One of the best things about shopping secondhand is that you can try out different styles and items of clothing you wouldn't usually go for. So bearing this in mind, don't forget to check the men's sections in charity shops and vintage shops! Some of my favourite shirts and jeans have been from men's sections, and they fit perfectly and I feel great wearing them! Good luck with your secondhand journey, and I hope you find some fabulous vintage bargains.”
Lottie puts fantastic thrifting looks together on her Instagram perfect for those looking for some outfit inspiration. Discover her looks here.
“When starting out with thrifting/secondhand shopping, my first big tip is not to feel disheartened after your first shop! Finding gems takes persistence and patience, if you go often enough you will end up with an abundance of perfect pieces. Secondly, check everything on the rails and every section! Especially in England, it's super important that you check every rail as the shops are so small that things are easily put in the wrong section. Cute corsets may be in the lingerie, vintage sweaters might be in the men's section and often women's pieces are put in amongst the children's things! My point is that there are always gems to be discovered in every area of the charity shop. My third tip when starting out with thrifting is to have an open mind and a thrift-list! So I never have a particular list of things to get for each trip as it's unlikely you'll find everything in the one trip and I don't want to feel like the trip was unsuccessful if I don't check off every item on the list, but I always have a thrift-list in the back of my mind so that I have a good idea of the items I'm looking for whenever I go out.

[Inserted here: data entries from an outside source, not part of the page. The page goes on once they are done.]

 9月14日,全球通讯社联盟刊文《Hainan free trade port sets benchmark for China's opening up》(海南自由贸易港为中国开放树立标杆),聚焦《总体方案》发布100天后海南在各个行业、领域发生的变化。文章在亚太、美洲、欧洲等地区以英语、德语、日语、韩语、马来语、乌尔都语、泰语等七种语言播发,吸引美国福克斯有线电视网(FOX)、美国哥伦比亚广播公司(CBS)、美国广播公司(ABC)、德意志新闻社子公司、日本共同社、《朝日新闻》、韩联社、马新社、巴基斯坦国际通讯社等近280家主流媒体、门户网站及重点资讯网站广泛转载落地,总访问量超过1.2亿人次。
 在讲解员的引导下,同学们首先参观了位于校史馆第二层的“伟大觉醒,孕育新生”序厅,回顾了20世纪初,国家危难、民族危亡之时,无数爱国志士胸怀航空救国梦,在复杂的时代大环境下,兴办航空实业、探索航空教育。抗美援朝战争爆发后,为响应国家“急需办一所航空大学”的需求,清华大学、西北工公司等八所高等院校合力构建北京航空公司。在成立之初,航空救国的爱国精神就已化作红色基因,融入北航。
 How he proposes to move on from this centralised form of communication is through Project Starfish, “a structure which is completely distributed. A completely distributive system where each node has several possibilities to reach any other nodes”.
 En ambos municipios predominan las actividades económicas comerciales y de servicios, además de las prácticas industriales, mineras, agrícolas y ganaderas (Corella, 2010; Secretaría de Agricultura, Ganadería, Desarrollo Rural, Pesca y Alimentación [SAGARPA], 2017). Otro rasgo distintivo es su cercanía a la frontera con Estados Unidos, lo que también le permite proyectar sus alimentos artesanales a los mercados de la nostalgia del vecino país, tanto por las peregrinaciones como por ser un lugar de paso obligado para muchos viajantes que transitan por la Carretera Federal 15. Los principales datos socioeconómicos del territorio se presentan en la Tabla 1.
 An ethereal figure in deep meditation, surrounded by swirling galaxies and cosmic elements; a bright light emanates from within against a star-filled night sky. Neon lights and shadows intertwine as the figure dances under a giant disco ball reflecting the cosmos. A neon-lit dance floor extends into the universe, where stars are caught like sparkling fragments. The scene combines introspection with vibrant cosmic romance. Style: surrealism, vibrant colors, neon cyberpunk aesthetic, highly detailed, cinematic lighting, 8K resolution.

I use Pinterest and Instagram for outfit inspiration which helps me add to my thrift-list! As I said before, it's unlikely that you'll find exactly what you're after every time, which is why it's so important to be open-minded! This allows you to imagine the potential of each piece. For example, a plain silk skirt may look simple and boring at first, but picture it with the right t-shirt, jewellery and boots and it could be the perfect piece to complete the outfit! Finally, I always recommend that people bring reusable bags so to not use all the charity shop's carriers. Usually I would also recommend that people wear jeans and a plain top with slip on shoes to thrift in, so that it's easy to try everything on and see how things look when styled with basic pieces. But of course, that tip won't be needed until changing rooms open again! Happy thrifting! “
“Rewearing is the new black. Get creative with your wardrobe, try out secondhand and vintage shops!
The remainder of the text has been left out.